For users between 13 and 16 in EU jurisdictions where the digital consent age is higher than 13, parental consent is required for the processing of personal data.

10. Data Security

We implement technical and organizational measures to protect your personal data, including:

  • Encryption of data in transit (TLS 1.2+)
  • Encryption of data at rest on Supabase infrastructure
  • Row-level security policies on our database, ensuring users can only access their own data
  • Authentication via Sign in with Apple (no password storage)
  • Regular security review of our codebase

No method of transmission or storage is 100% secure, but we follow industry best practices to protect your data.

11. Cookies and Tracking

The Neomi mobile application does not use cookies or third-party tracking technologies. We do not use advertising identifiers (IDFA), analytics SDKs, or behavioral tracking.

The stng-studios.dk website may use minimal first-party cookies necessary for site operation. No third-party advertising or analytics cookies are used.

12. Apple App Store Analytics

Apple may collect anonymized, aggregated usage statistics about the App through App Store Connect. We see only aggregate, non-identifying metrics (e.g., total downloads, crash counts). This data is governed by Apple's privacy policy.

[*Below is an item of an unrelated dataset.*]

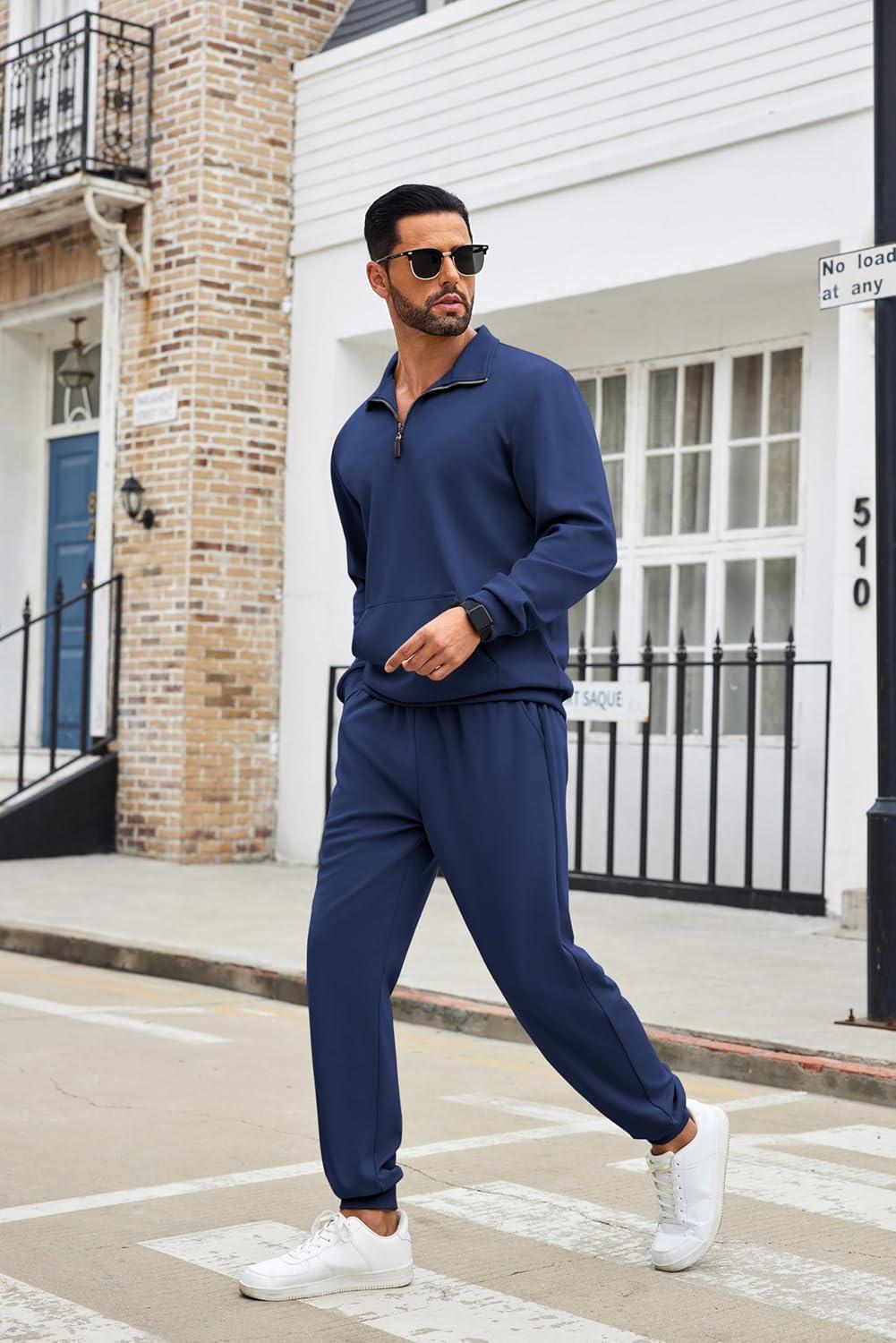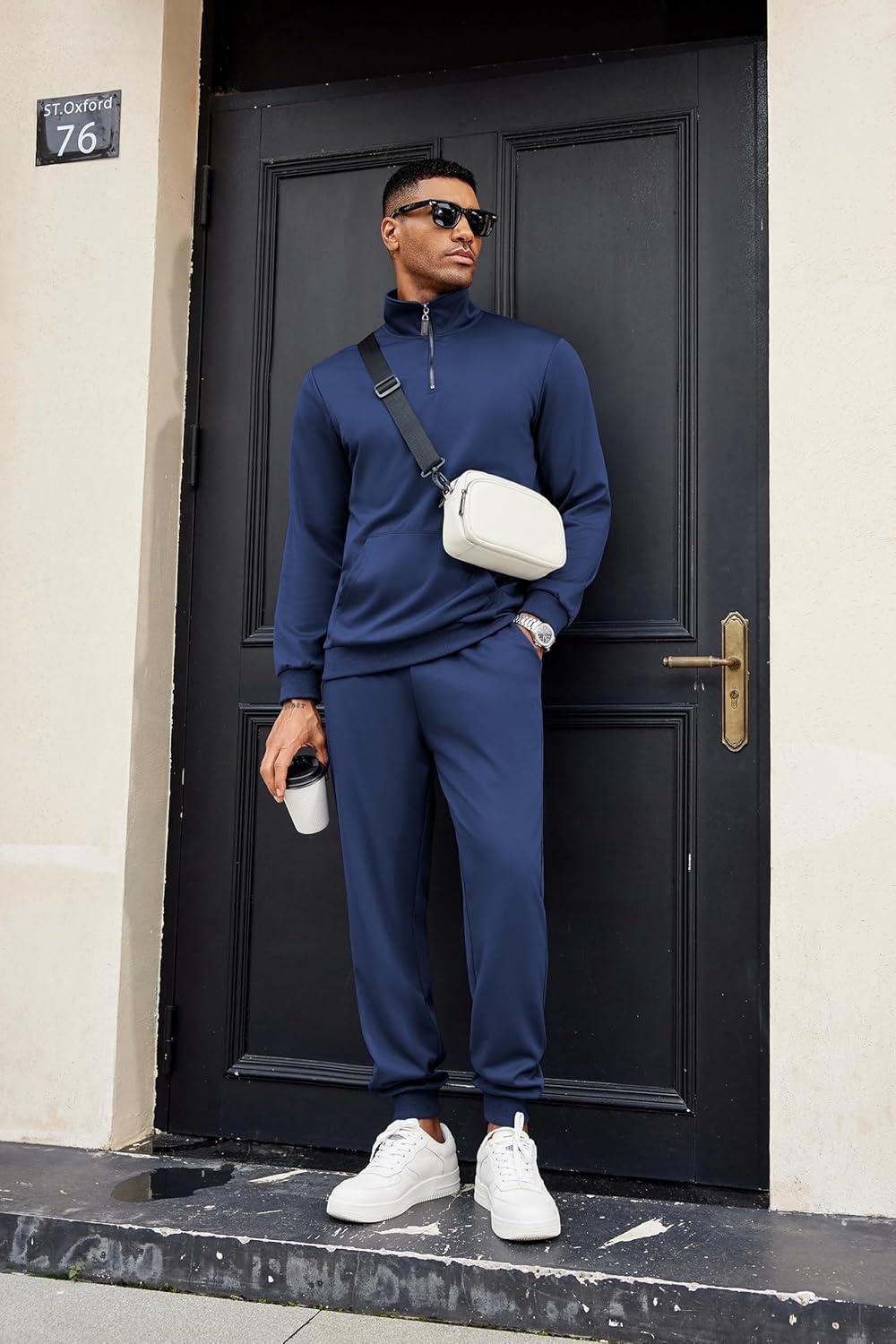 COOFANDY Men's Tracksuit 2 Piece Quarter Zip Sweatsuit Sets Casual Athletic Running Jogging Suits(Navy Blue)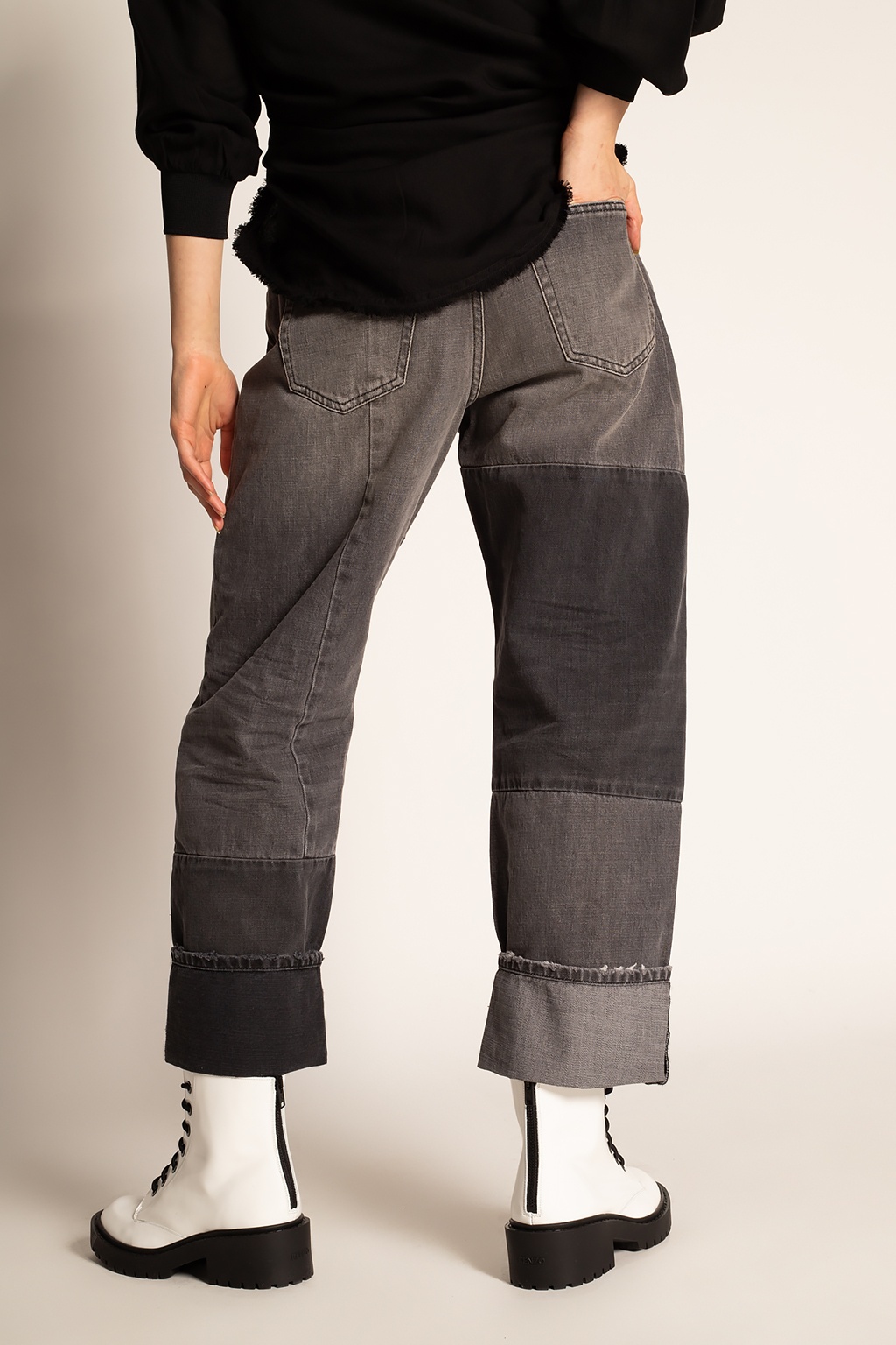 Straight style jean with high waist. Slightly relaxed crotch, straight leg and zip fly, finished in a black/grey wash.

13. Changes to This Privacy Policy

We may update this Privacy Policy from time to time. When we make material changes, we will:

  • Update the "Last updated" date at the top of this document
  • Notify active users via in-app notification or email at least 30 days before the changes take effect

Continued use of the App after the effective date constitutes acceptance of the updated policy.

14. Contact Us

For any questions, concerns, or requests regarding your personal data or this Privacy Policy:

STNG Studios
CVR: 45819272
Ny Banegårdsgade 49, 8000 Aarhus C, Denmark
Email: support@stng-studios.dk

We aim to respond to all inquiries within 7 business days, and to formal GDPR rights requests within 30 days as required by law.